Мужик. Солдат пинком тыркнул, ваше благородие… А то нешто я сам как войти не знаю?
Офицер. Ну и что же, что тыркнул! А ты входи прямо, спокойно. Здесь тебе не цирк и не танцы. (Пауза.) Нам донесли, что в вашей деревне есть оружие, которое вы прячете, чтобы передать партизанскому отряду
Мужик. Ваше благородие! Да зачем зря силу тратить? И мы и деды наши вокруг этого места, почитай, двести лет землю роем, а про такое и не слыхали. Плиту чугунную на пашне однажды выворотили, это было. Яму под оврагом нашли. Там – горшки, черепки, камень и скелет старинного вида! А чтобы пушка, аэроплан или хотя бы ружье попалось – этого в нашей почве нету.
Офицер (ударив мужика нагайкой). Я с тобой поговорю! Я тебе прикажу всыпать шомполами, так ты у меня и сам превратишься в скелет старинного вида! (Кричит.) Вахромеев!
Ординарец (входит). Здесь, ваше благородие!
Офицер. Отведи этого мужика и прикажи запереть (смотрит в окно) вот сюда, в церковь. Там и двери тяжелые и решетки железные. С ним допрос будет особый!
Ординарец уводит мужика и сейчас же выталкивает из-за двери старушку с клюкой.

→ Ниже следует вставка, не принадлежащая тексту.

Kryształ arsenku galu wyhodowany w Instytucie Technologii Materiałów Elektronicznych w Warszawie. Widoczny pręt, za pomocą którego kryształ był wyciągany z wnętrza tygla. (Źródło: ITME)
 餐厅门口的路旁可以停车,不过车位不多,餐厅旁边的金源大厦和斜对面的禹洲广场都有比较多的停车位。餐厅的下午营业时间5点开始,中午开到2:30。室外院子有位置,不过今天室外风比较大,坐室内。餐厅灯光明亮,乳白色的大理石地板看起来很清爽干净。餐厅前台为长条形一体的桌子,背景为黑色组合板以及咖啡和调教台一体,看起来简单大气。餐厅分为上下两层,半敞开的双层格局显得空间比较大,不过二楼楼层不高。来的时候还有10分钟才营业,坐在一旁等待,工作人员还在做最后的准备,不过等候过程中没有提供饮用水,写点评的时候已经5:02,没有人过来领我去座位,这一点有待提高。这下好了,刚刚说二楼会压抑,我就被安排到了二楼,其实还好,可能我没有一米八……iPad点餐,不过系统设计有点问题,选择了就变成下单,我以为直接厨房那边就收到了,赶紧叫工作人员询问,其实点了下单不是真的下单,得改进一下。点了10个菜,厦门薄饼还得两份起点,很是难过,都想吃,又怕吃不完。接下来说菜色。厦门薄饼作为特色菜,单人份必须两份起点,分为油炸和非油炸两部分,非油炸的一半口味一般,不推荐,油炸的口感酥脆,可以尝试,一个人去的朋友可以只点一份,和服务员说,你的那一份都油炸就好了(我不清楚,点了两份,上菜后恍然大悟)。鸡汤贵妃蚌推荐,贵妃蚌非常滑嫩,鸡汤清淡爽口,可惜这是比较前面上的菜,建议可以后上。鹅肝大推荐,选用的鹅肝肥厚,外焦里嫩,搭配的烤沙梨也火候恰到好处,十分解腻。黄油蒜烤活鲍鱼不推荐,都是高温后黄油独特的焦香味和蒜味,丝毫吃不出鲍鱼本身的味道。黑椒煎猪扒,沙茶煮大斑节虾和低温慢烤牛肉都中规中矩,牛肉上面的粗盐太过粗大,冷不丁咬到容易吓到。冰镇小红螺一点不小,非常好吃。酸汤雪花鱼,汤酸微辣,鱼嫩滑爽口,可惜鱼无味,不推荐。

Офицер. Это ты, убогая, на моего солдата плюнула? Да, тебя дожидаючись на том свете, черти семь крюков наточили, а ты все еще безобразничаешь!

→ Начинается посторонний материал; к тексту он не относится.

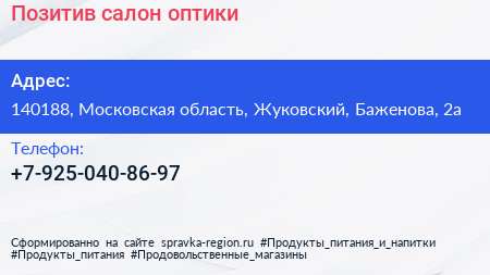 Позитив, салон оптики по адресу 140188, Московская область, Жуковский, Баженова, 2а в дальнейшем Организация, размещена в следующих категориях:
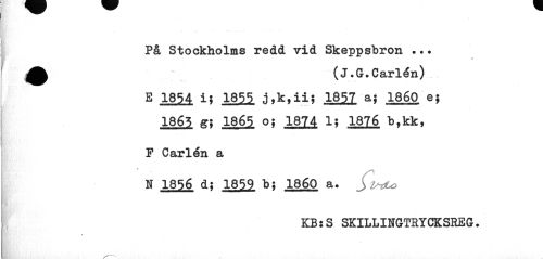 //// På Stockholms redd vid Skeppsbron ... ^k (J.G.Carlén) //// E 1854 i; 1855 j,k,ii; 1857 a; 1860 ej 1865 Si 1865. o; 1874 1; 18l£ b,kk, //// P Carlén a //// N 1856 d? 1859 b; 1860 a. yi^Lo //// KB:S SKILLINGTRYCKSREG. //// v" ////
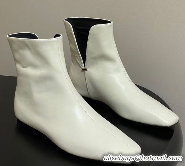 Shop Duplicate The Row Lambskin Leather Flat Ankle Boots TR102801 White 2025
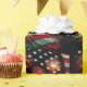 Amerikanska flaggan med patriotiskt slående in papper för fyrverkerier
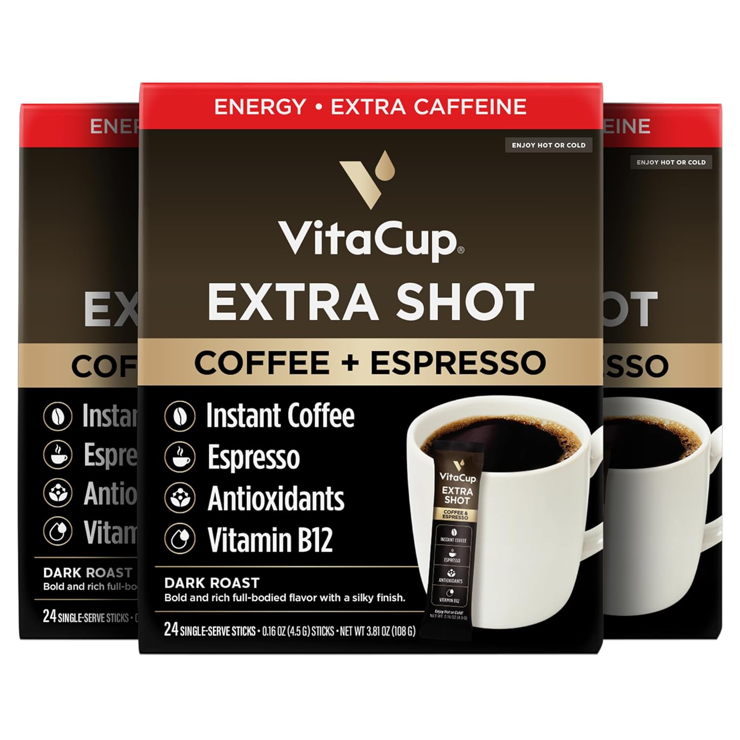 VitaCup Extra Shot Instant Coffee Packets with Espresso Shot, “Red Eye” High Caffeine, Bold Dark Roast w/Vitamin B12, Antioxidants, Premium Instant Coffee in Single Serve Sticks, 72 Ct
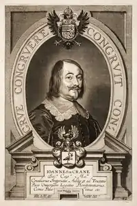 He collaborated on an important publication of portraits of the delegates to the peace negotiations for the Peace of Münster. This was a publication project of the Flemish painter Anselm van Hulle who was present in Münster where he had made portraits of the delegates to the conference. As court painter to the Prince of Orange, van Hulle had been able to obtain a printing privilege in March 1648. He had reproductions made from his sketches by Mattheus Borrekens and other leading engravers in Antwerp, such as Paulus Pontius, Coenraet Waumans, Cornelis Galle the Younger and Pieter de Jode II. The engravings were made on copper plates with a size of approximately 30 x 20 cm (Folio format) and printed on large-format paper sheets of up to 41 x 32 cm. The prints show the bust of the delegate in an oval in which his motto is inscribed, above him the coat of arms of the entity that the delegate represents at the peace negotiations, below the coat of arms of the delegate's family and below this a cartouche with the delegate's titles. The architectural framework of each portrait is in the form of an epitaph which emphasises that the portrait was made for posterity.[5]
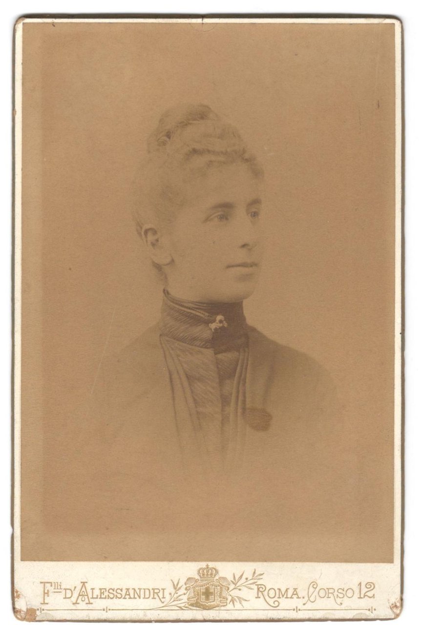 foto photo albumina cabinet card gentildonna con spilla by F.lli D'Alessandri Roma 1870 c.a.
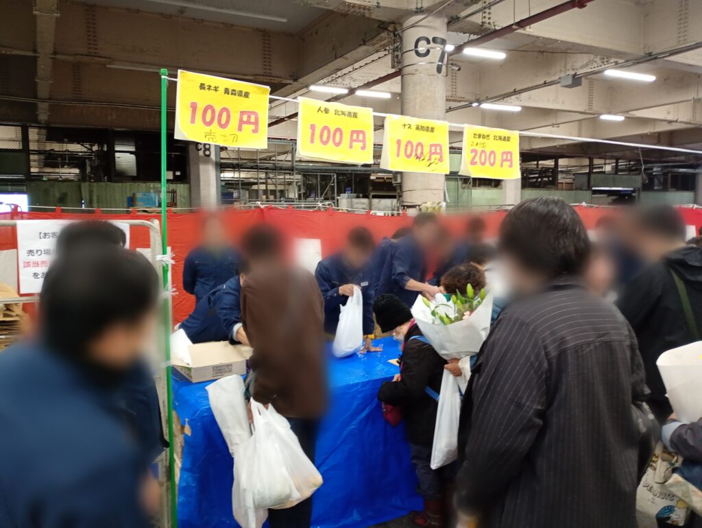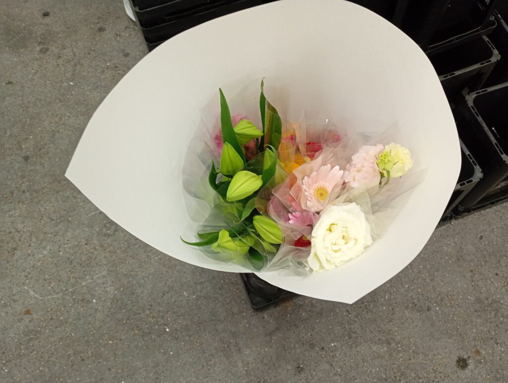 花も売りつくしのタイミングだったようで、10本で1,000円に値下げされており飛ぶように売れていました。

Старуха. Я, батюшка! Я! Такой солдат окаянный! Лезет в погреб. Какую-то ружье спрашивает, а сам сапожищем как в крынку сметаны двинет! Ну, я и согрешила, батюшка. Прямо так в морду ему и плюнула!
Офицер. Поп тебе батюшка, а я – офицер. Наши солдаты ищут оружие. Говори: где спрятаны винтовки, патроны, бомбы?
Старуха. Бомб у меня нет, батюшка. В той-то кадушке, что под лесенкой, огурцы малосольные. А в другой капуста. Ты б его наказал, батюшка! Такой солдат непутевый! Дазай в огурцы саблей тыкать. Мать моя! Гляди, чуть кадку не продырявил. Ты уж, если такой приказ вышел, ищи аккуратно. Ты спроси у меня ложку, половник, сядь и перебирай в мисочку. А он же, ваше благородие, схватил железу и давай тыкать.
Офицер медленно поднимает наган на старуху.
Да ты что, золотой, так на меня уставился? Я не икона.
Офицер. Дура! Это наган… Оружие. Я вот сейчас надавлю пальцем (показывает), отсюда огонь ударит, пуля выскочит – и ты… будешь мертвая.
Старуха. И, батюшка! Скажешь тоже, не подумавши! Да за что же она, пуля, в меня скакать будет? Твой солдат мне в погребе убыток наделал, да я ж еще виновата!
Входит ординарец и делает офицеру загадочные знаки.
Офицер. Тебе что?
Ординарец (тихо).
Офицер. Веди!
Ординарец. А эту? (Показывает на старуху.)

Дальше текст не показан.